▶ _Exercise brief_
Below are entries with pictures in them. Output exactly the lines starting at the line with "Deluxe Karte Bär" and ending at the line with "том числе крючкообразным.", both included, but not the pictures.

** Data provided follows **

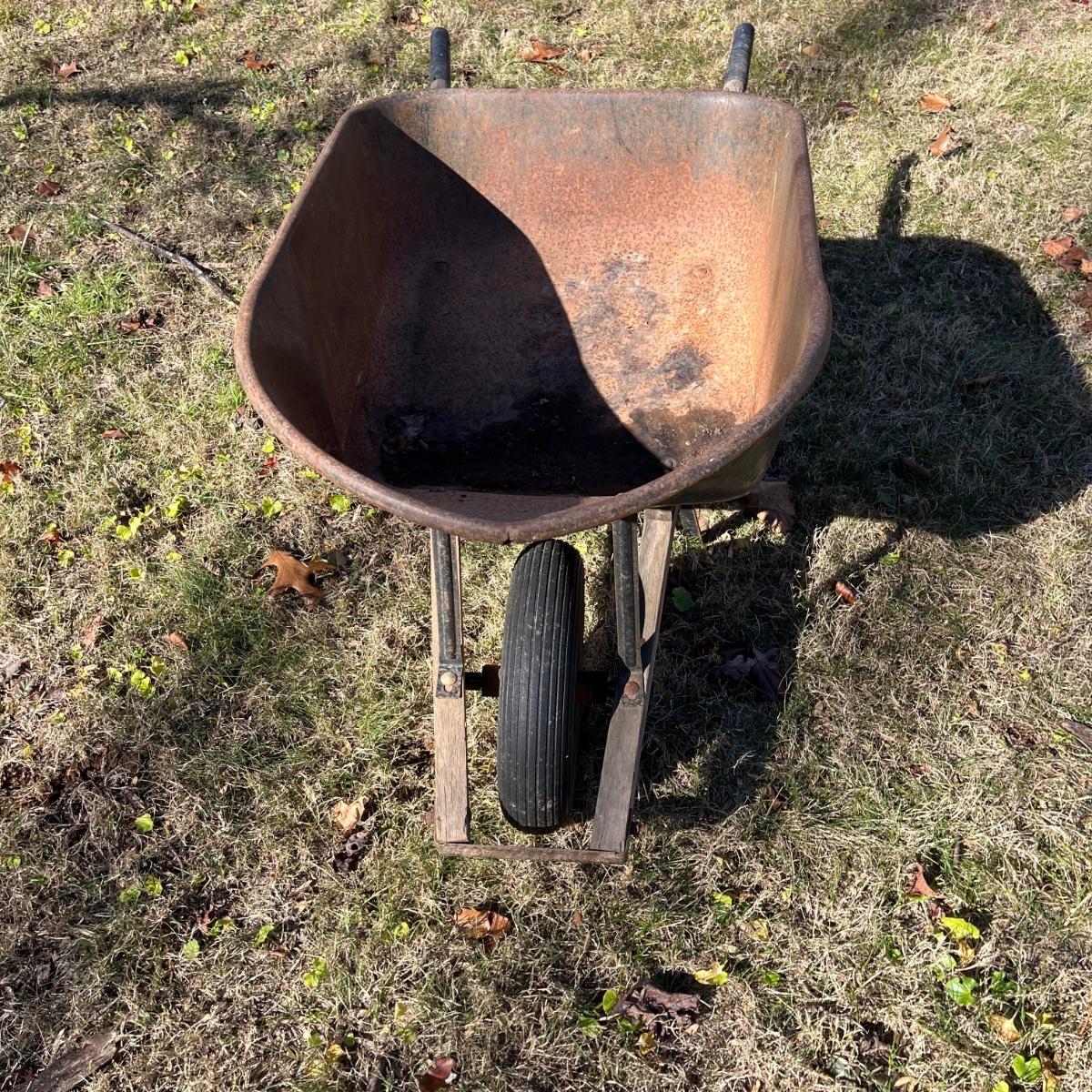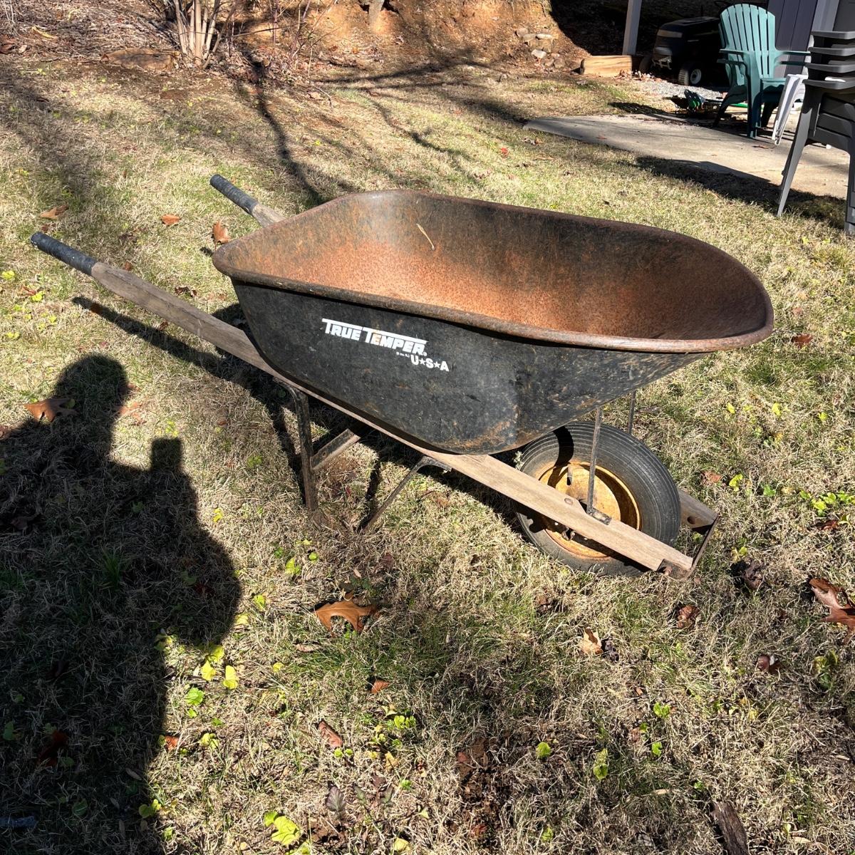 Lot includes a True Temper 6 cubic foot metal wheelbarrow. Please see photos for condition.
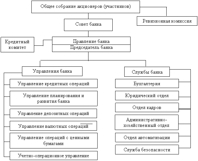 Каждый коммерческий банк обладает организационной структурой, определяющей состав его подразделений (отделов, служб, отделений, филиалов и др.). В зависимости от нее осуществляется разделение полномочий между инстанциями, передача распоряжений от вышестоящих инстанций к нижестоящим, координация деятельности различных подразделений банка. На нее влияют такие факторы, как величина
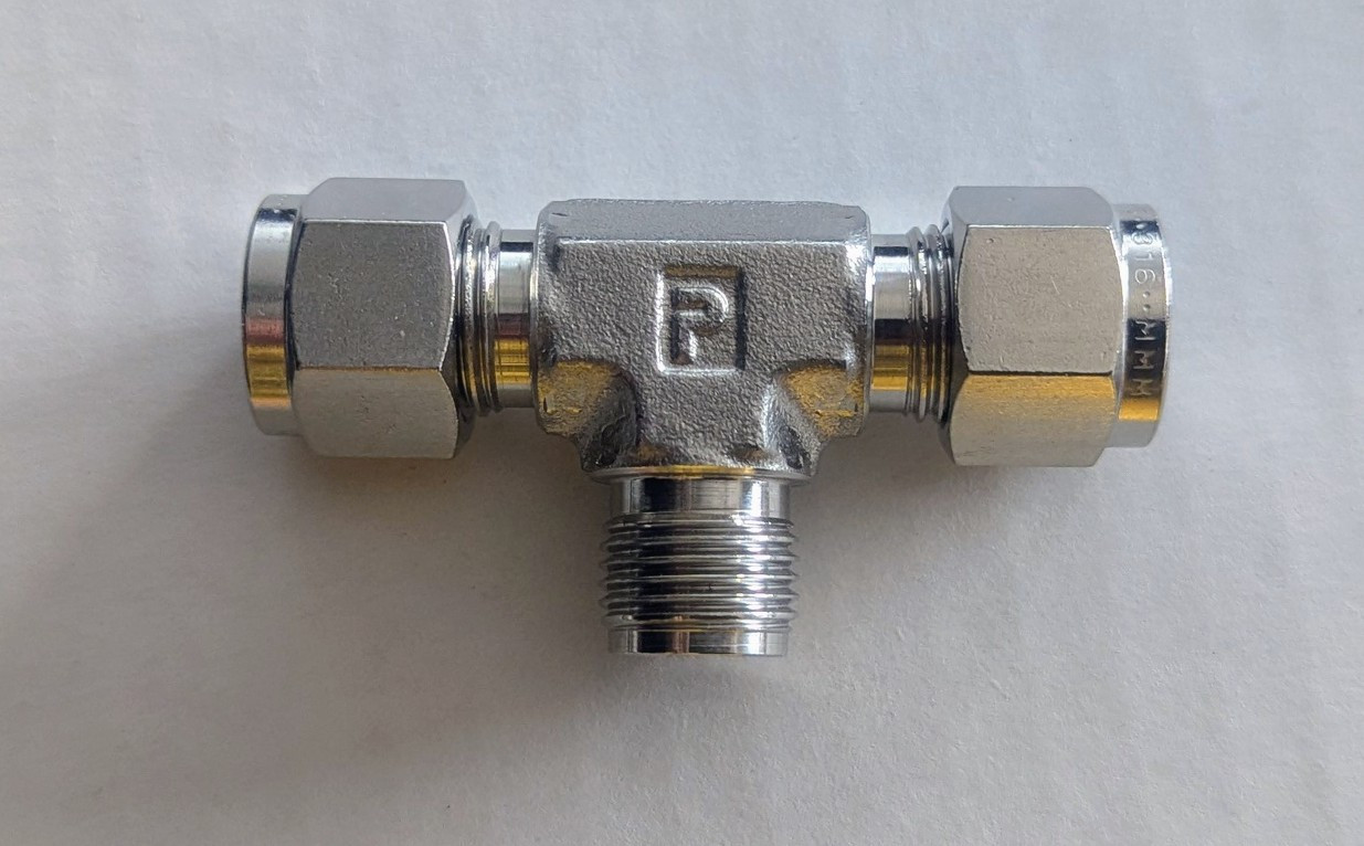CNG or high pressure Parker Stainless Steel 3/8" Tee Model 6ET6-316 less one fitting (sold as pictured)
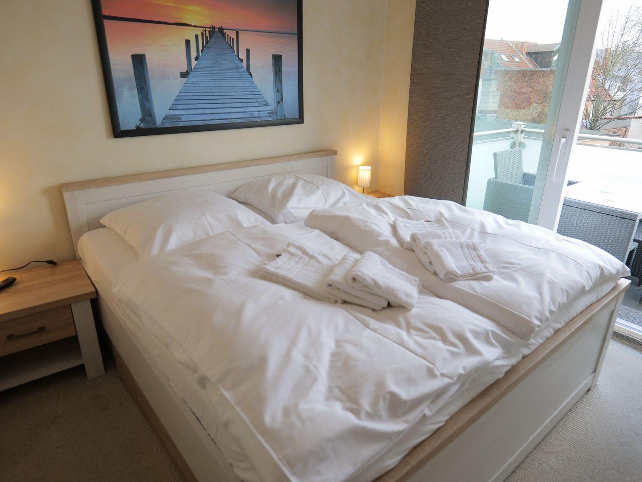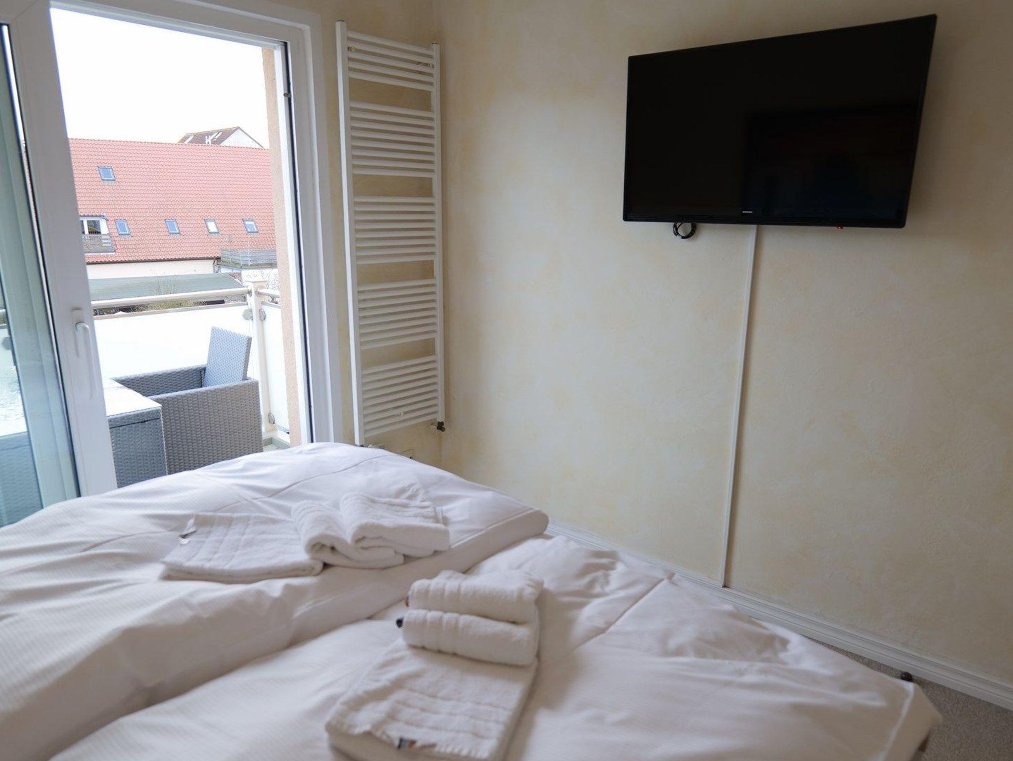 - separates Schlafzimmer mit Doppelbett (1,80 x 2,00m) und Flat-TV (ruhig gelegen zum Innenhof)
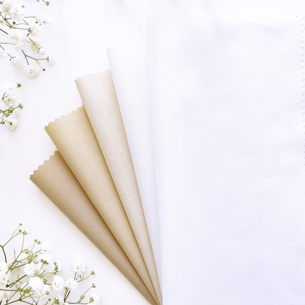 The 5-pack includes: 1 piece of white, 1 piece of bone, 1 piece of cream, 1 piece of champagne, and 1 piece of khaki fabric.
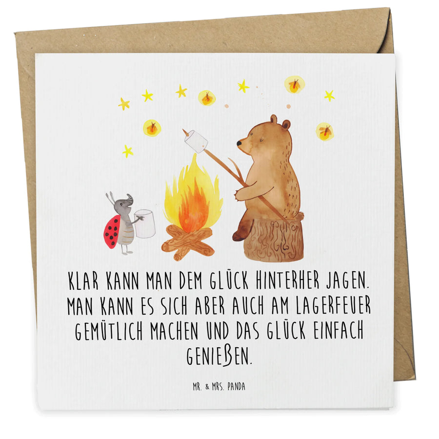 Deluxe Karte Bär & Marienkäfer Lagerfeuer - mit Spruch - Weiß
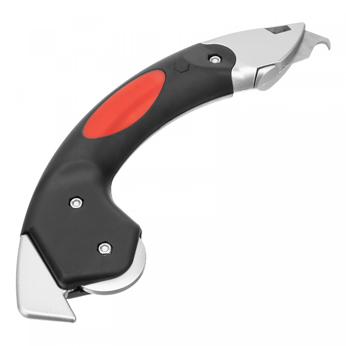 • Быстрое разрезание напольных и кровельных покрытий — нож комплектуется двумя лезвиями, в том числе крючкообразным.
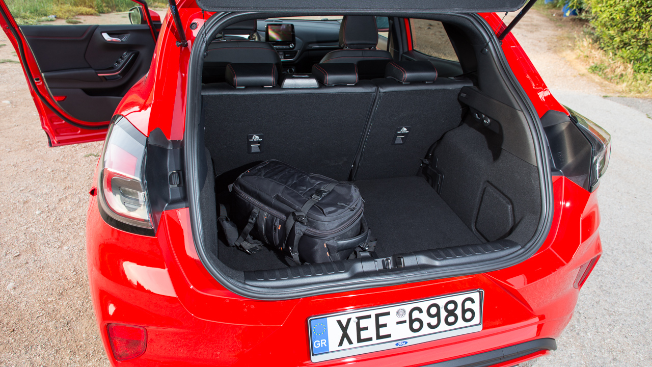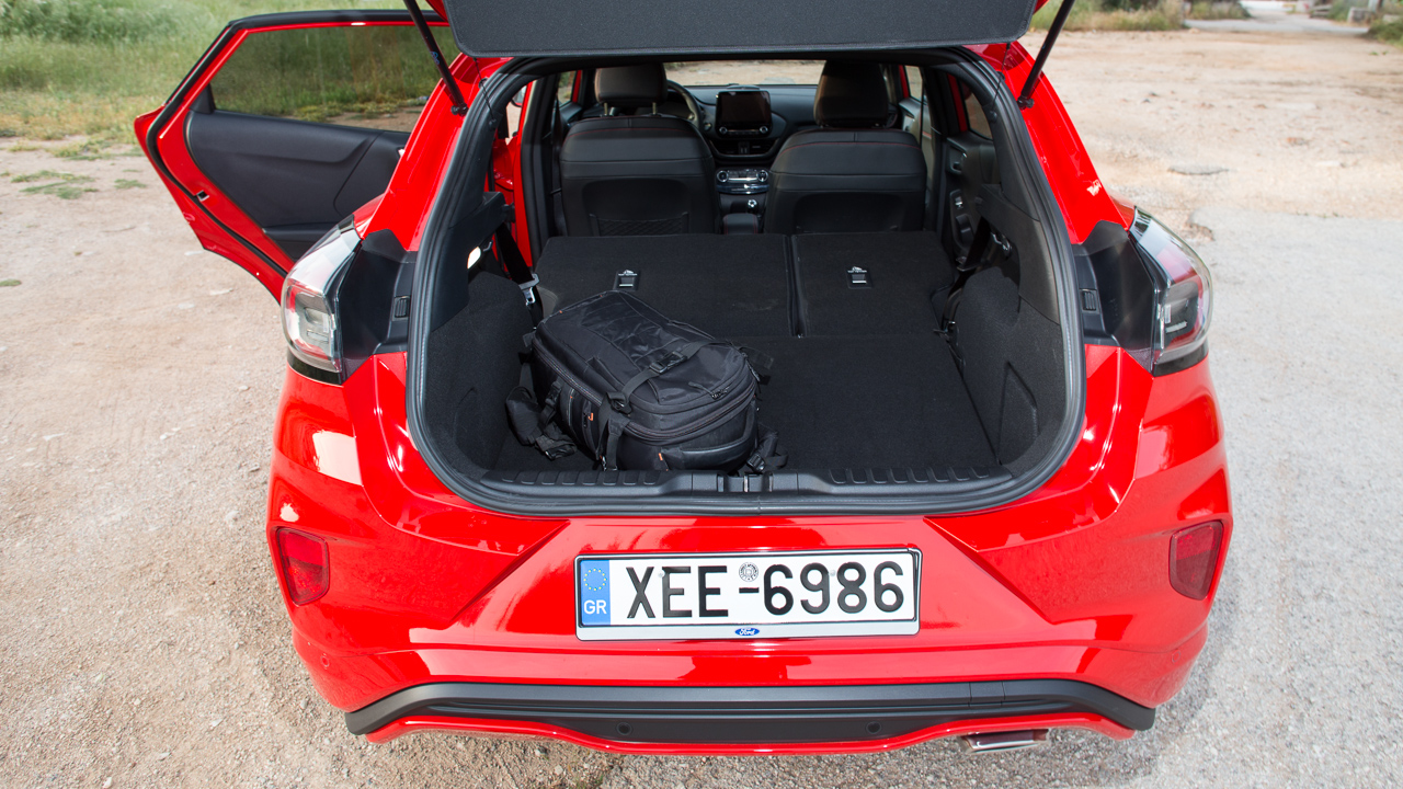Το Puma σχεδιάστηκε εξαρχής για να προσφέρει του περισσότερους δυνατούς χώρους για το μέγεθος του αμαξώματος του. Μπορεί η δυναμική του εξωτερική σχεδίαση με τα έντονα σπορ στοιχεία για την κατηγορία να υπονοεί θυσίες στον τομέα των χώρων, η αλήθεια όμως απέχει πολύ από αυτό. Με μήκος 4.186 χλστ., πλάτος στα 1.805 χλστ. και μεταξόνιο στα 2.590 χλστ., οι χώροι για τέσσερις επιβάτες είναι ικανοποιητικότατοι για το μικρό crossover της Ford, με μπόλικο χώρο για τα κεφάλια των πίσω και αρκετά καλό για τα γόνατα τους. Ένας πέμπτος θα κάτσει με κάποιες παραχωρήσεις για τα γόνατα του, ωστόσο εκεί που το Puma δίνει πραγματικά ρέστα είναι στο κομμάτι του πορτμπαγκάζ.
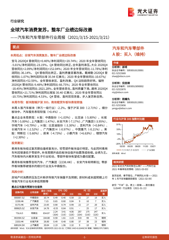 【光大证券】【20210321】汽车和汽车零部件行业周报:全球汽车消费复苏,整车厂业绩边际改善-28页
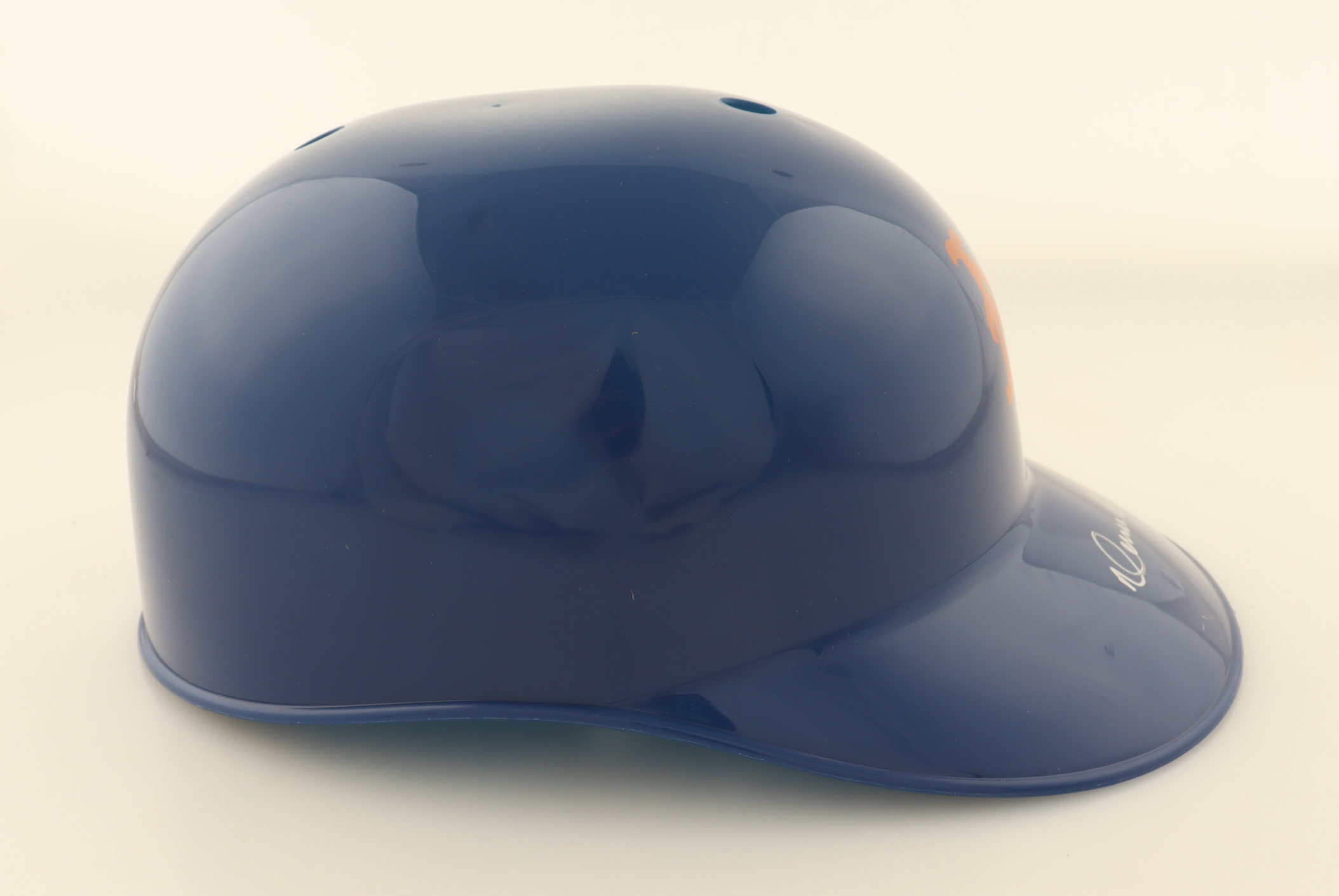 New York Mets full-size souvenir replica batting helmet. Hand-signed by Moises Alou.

** End of Data provided **

▶ _Answer box_
 Deluxe Karte Bär & Marienkäfer Lagerfeuer - mit Spruch - Weiß
 • Быстрое разрезание напольных и кровельных покрытий — нож комплектуется двумя лезвиями, в том числе крючкообразным.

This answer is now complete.